Missing my SLR, I have to say, in terms of control and looking through the viewfinder, but jolly nice being able to put the camera into my pocket!

Of course, the Blue Mountains are famous for what is supposed to be the best coffee in the world.  This is what a coffee plant looks like in a pot:

and this is what they look like on the slopes:

I have a confession to make, though.  I very much like filter coffee, and the aroma of Blue Mountain coffee is just amazing.  However, in terms of taste, I'm equally happy with much cheaper coffees.  Feel that I'm missing out here, except that I'm sufficiently miserable to be of the view that there's little point in spending time and effort acquiring a taste for a more expensive commodity when a cheaper one will do just as well.

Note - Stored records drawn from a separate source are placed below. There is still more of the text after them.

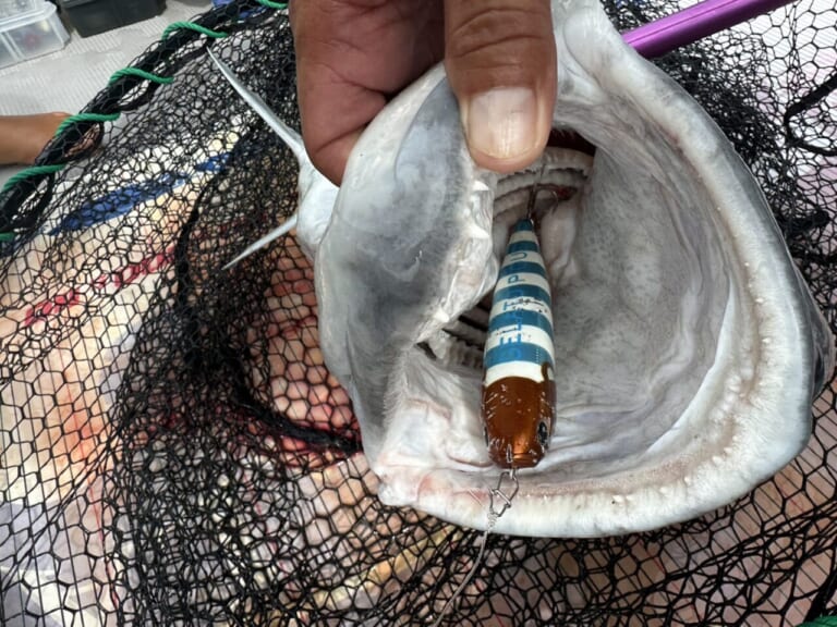 近藤さんの解説通り、このカラーは見た目が可愛いだででなく実釣性能も非常に高い。東京湾でのシーバスや、石垣島でGTを釣りあげるなど実績多数。
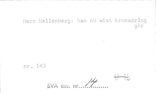 //// Herr Mellenberg: han nu wist krumsprång //// gör //// nr . 14: //// SVA qcc. nr...<.<„... ////
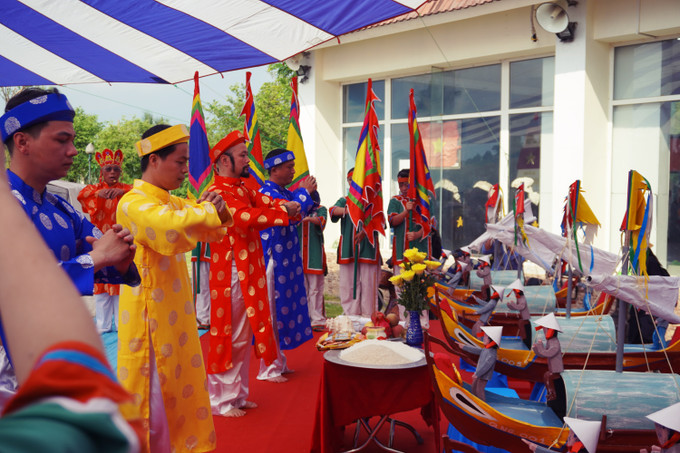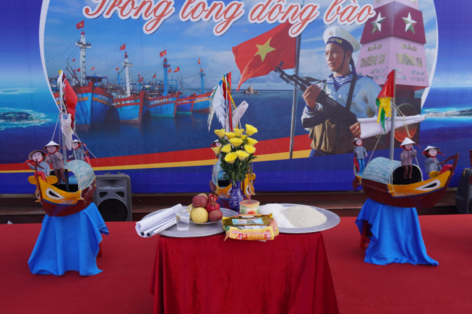 Để thực hiện nghi lễ người ta chuẩn bị 3 ban thờ đặt đồ tế như thịt heo, gà, muối, bánh khô… bài vị các Cai đội và chiến sỹ Hoàng Sa, trước các ban thờ là 5 mô hình thuyền câu (loại thuyền đội Hoàng Sa dùng đi biển).
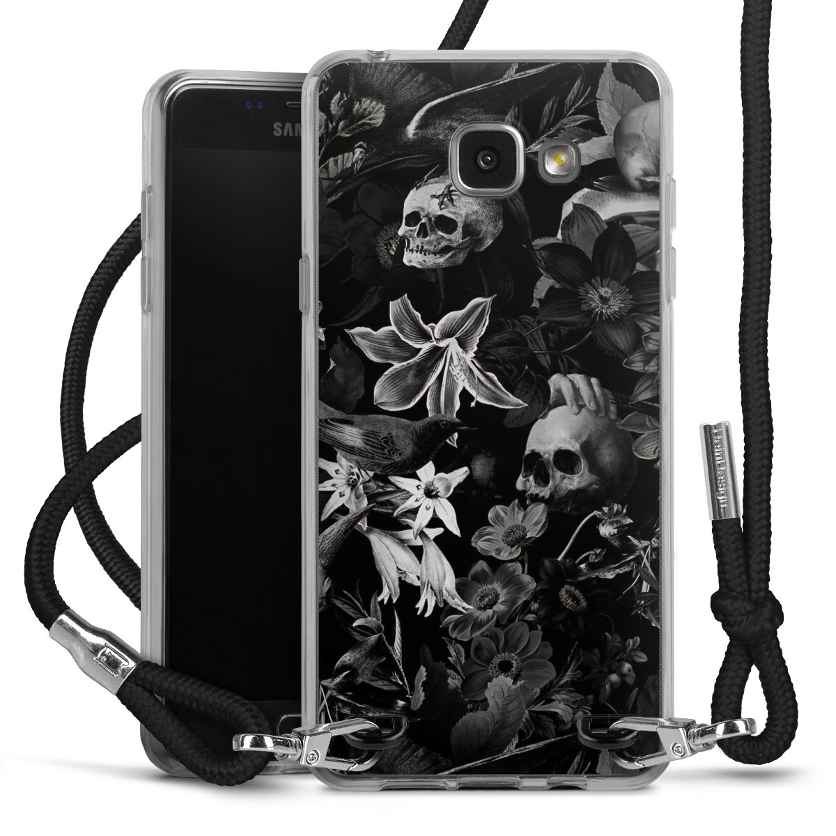 Skulls and Flowers on Black Background
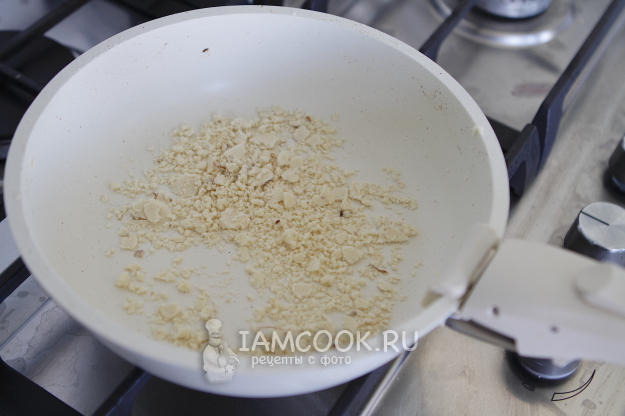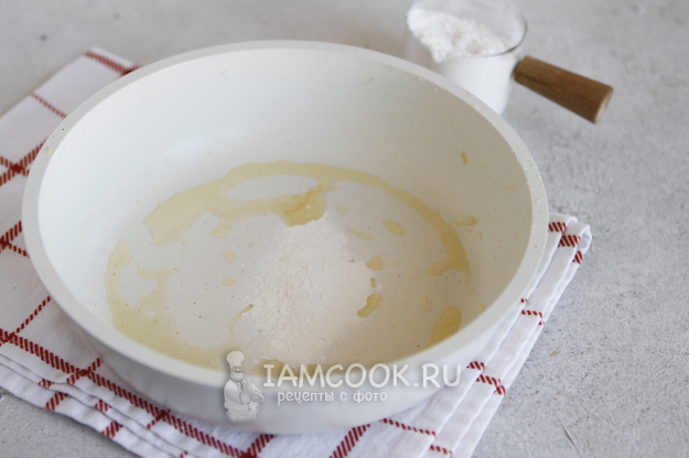 Столовую ложку муки обжарить в небольшом количестве масла до светло-желтого оттенка. Чтобы мука не пригорела, я интенсивно помешивала ее кулинарной лопаткой.
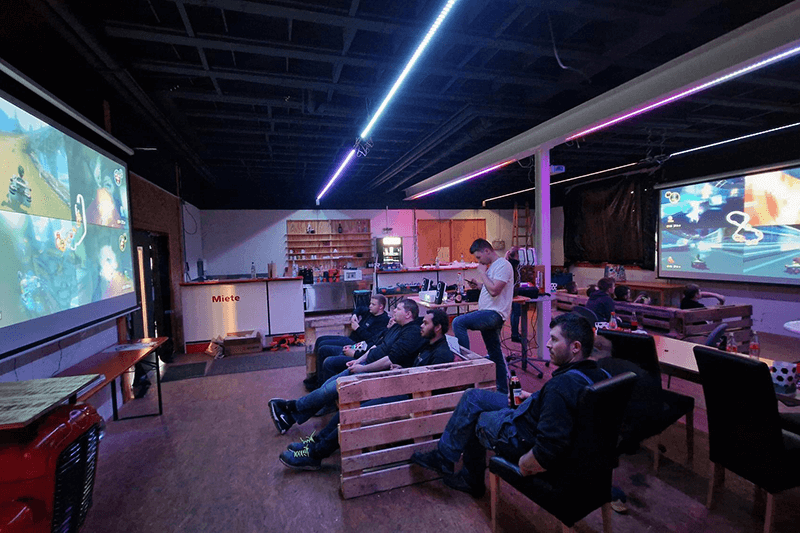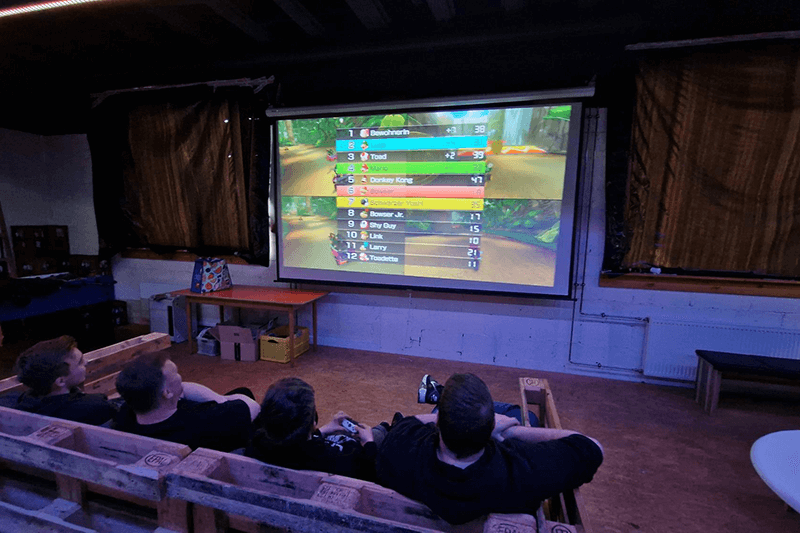 Bei dieser Mitarbeiterveranstaltung spielten wir zusammen Mario Kart 8 an unseren 2 neuen großen Leinwänden.
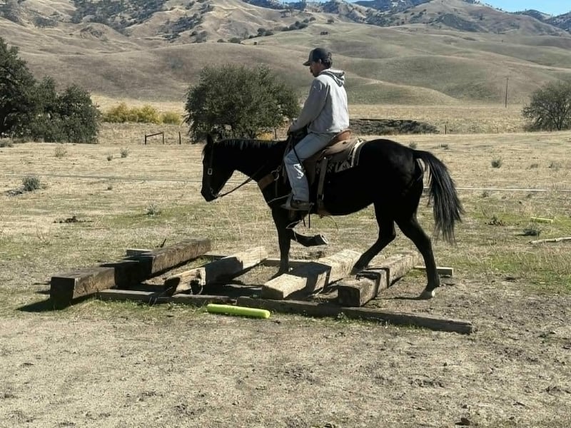 Coaltrain – The Kind That’s Coming Along Just Right Coaltrain is a 6-year-old black gelding standing 14.3 hands — built right, gentle-minded, and easy to get along with. He’s the kind you can saddle up and enjoy without a bunch of drama, but still young enough to keep shaping into anything you want him to be. He’s spent most of his time being used around the ranch to gather cattle and check pastures, and he’s taken to every job with a calm, willing attitude. He’s surefooted and confident outside — crosses water, handles brush, and makes his way through rough country without a fuss. Coaltrain’s been around dogs, tractors, traffic, and all the usual ranch commotion, and he takes it all in stride. He’s also been getting some time in the arena and learning new things every week. He’s got good basics — moves off your leg, follows his face, and stays soft in the bridle. He’s the kind that learns quick, tries hard, and doesn’t get worked up when you show him something new. We’ve been introducing him to obstacles and flags, and he’s handled everything like a gentleman. He’s got a solid foundation, a great attitude, and plenty of talent to go in any direction you’d like. Whether you want to keep him as a reliable trail horse, keep building him into a ranch versatility or sorting mount, or just enjoy him for what he already is — he’s a good one to have around. He’s easy to haul, bathe, and tie, and he’s always quiet to handle. Coaltrain’s the kind that fits a lot of riders — safe, steady, and uncomplicated, yet still with enough feel and try to keep things fun. 📞 Contact Hailey:+13039908552 🚚 Nationwide shipping available
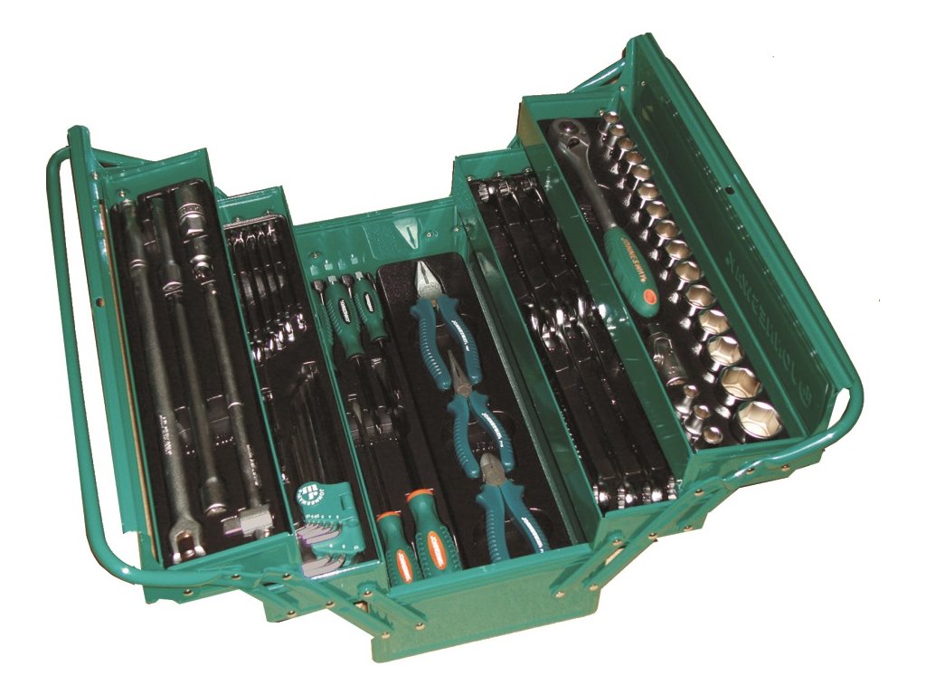 Univerzálna sada náradia pre profesionála i hobby užívateľa. Obsahuje základné nástroje vhodné do dielne i domácnosti. Každý z dielov má vďaka poradačom svoje presné miesto a užívateľ má teda prehľad, či niečo nechýba. Všetko je v najvyššej kvalite.

What I haven't yet said (although you might have guessed from Abigail's picture of me) is that this was a bicycle tour.  Slightly disconcerted when I saw the bicycle allocated to me:

With one front brake, and the back brake activated by pedalling backwards.  The website of the company did make it clear that it was a downhill ride, and there was a distinct absence of statement along the lines of, "Only come if you run a minimum of three marathons a week".  All in all, it should have been obvious, I suppose, that the main exercise I got was in the fingers of my left hand applying the brake more or less permanently: free wheeling felt very daring, and pedalling just a few times in a couple of hours.  Once I acclimatised to what was happening, and that I wasn't going to get a whole lot of exercise, a very enjoyable way of experiencing the mountains.

Finished off with a swim in a waterfall:

Very strange effect, swimming into the waterfall and not getting anywhere.  A jolly nice finish to a great day out, thank you Cleave, Abigail and colleagues!

P.S.  just one more road sign today:

Cleave tells me that there's a sign, "Undertakers love overtakers" - if I see it I'll upload it.